- Born: New York City, U.S.
- Education: Fairfield University (BA) Columbia University (MS)
- Occupations: Author, journalist & personal finance expert
- Notable credit(s): CNBC On the Money (2005) host, financial contributor for CBS This Morning, Marketplace Money host Author, "Generation Debt"
- Children: 1
- Website: http://carmenritawong.com/

= Carmen Rita Wong =

American financial journalist

Carmen Rita Wong, is an American radio, television and online journalist, and personal finance expert at CNBC where she was the former host of the 2005 version of On the Money, a personal finance program. She was a contributor to The Dr. Oz Show and iVillage. Wong also writes a blog for CNBC.com that focuses on taking control of your personal finances.

== Career ==
In October 2013, she was named host of the weekly radio program Marketplace Money, produced by American Public Media, beginning with the program of November 2, 2013. While giving financial advice on the Marketplace Money program of October 26, 2013, she also revealed that she is now divorced and a single mother. As of February, 2014, Marketplace's website refers to her as a "Former Host."

Wong's blog made its debut on Qvisory.com and her advice columns appear monthly in Glamour, Men's Health and Latina as well as online.

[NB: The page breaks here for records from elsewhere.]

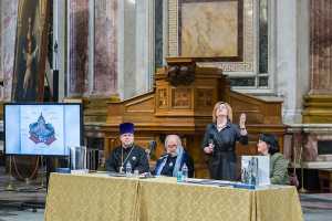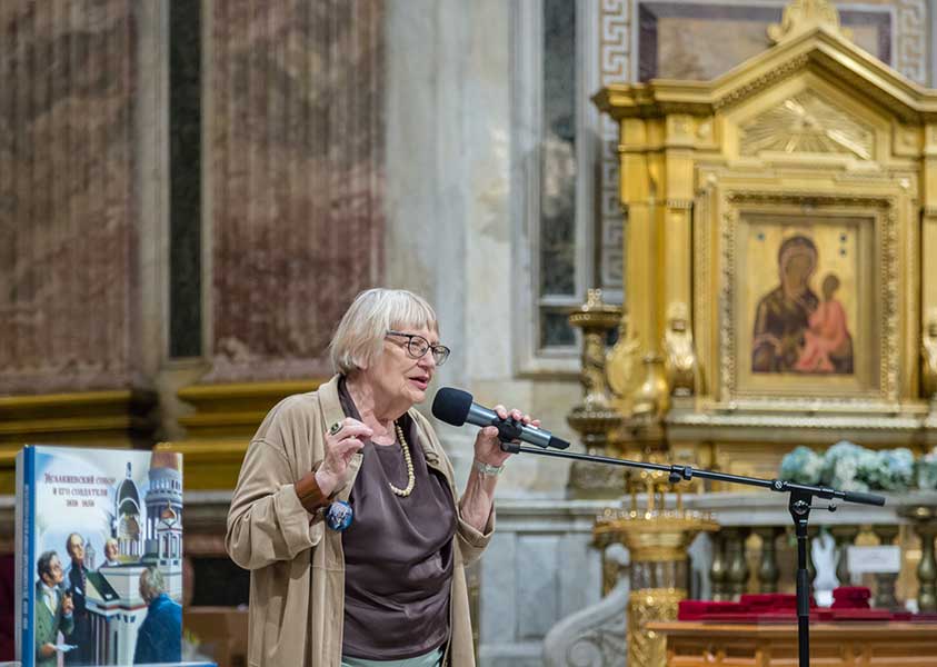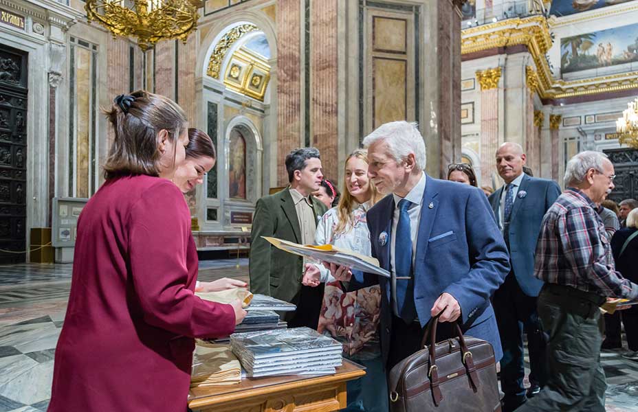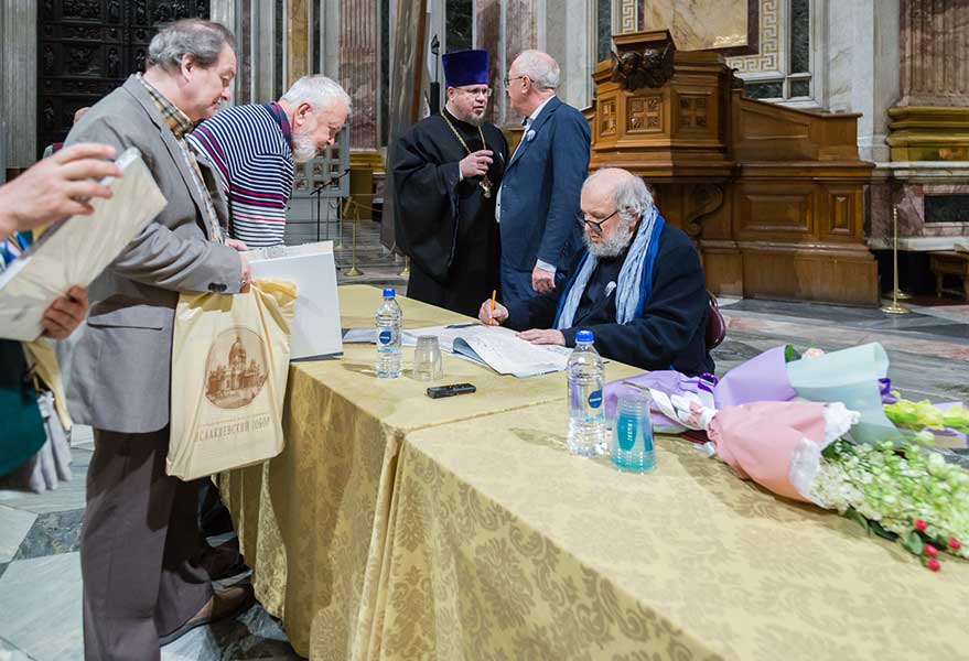 От лица художника, который не смог присутствовать, выступила участник создания книги, мама Гиорги Панайотова — И. А. Бессан, его друг, советчик и сотрудник. Инна Аркадьевна поблагодарила всех собравшихся и назвала книгу «соборным делом» — данью благодарности создателям Исаакиевского собора и плодом труда многих людей. Она также выразила благодарность всем участникам проекта, отметив вклад каждого. Особые слова признательности она адресовала Юрию Витальевичу за чуткое руководство: он направлял команду, подсказывал ключевые моменты для раскрытия в книге, объединял коллектив и ставил посильные задачи, которые все выполняли с радостью.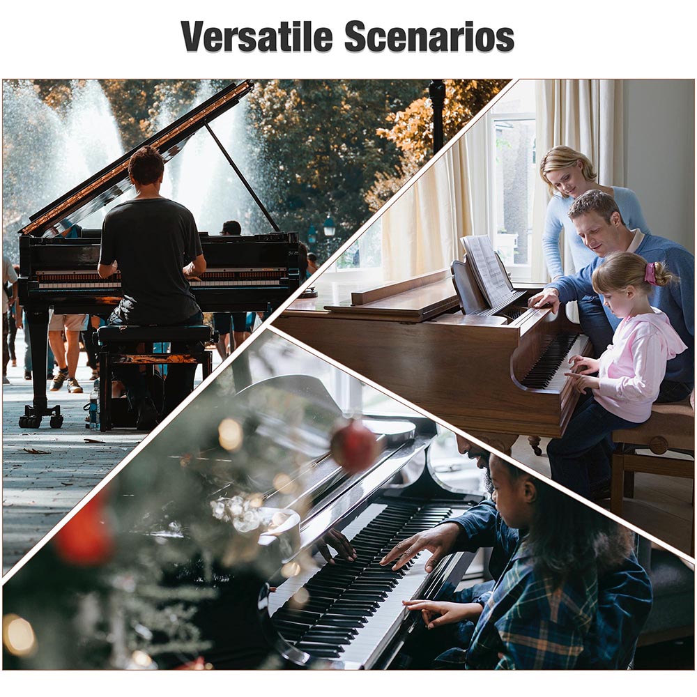 - The bench is suitable for grand pianos, upright pianos, digital keyboards, also ideal for piano teaching, homes, churches, schools, concerts, recording studio, music bands, orchestras, etc.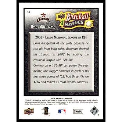 This is a 2008 Upper Deck Baseball Heroes Black Lance Berkman baseball card. The card is #74 and pictures show condition.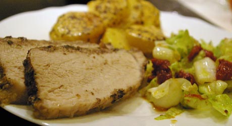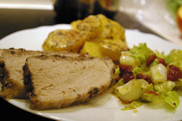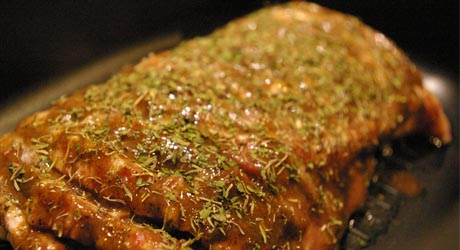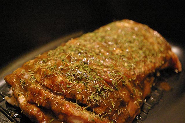 Wszystkie składniki marynaty poza tymiankiem mieszamy i smarujemy nią mięso.

Wong also makes contributions to Essence and Diversity Women magazines. She has been making her name as a money expert appearing on CNN, The Rachael Ray Show, and Oprah Winfrey's XM radio network.

In March 2009 Wong's accomplishments were honored at the eighth annual New York City Women's History Month Celebration.

== Generation Debt ==
Wong is the author of Generation Debt: Take Control of Your Money—A How-to Guide published by Grand Central Publishing in 2006. This 272 page book concentrates on the under-40 crowd giving tips on what to do about student loans and consumer debt. The guide also provides recommendations on how to establish a goal-oriented budget, make the most of payback options, and utilize employee savings and investment plans. Her book has appeared on the recommended reading list of The Wall Street Journal and her advice has been highlighted in The Washington Post.

Wong's second book entitled The Real Cost of Living: Making the Best Decisions for You, Your Life and Your Money was released by Perigee/Penguin in December 2010.

== Education ==
Wong received a Bachelor's degree in psychology and art history from Fairfield University (Connecticut) and a Master's degree in psychology from Columbia University in New York City.

== Personal ==
Wong is of Spanish, Dominican descent. Her father, Peter Wong, is of Chinese descent, though he is not her biological father. Carmen Rita Wong, formerly known as Carmen Wong Ulrich, has a daughter, Bianca (born 2006). On BBC world service radio Outlook she discusses the story behind her search for the truth of her ancestry.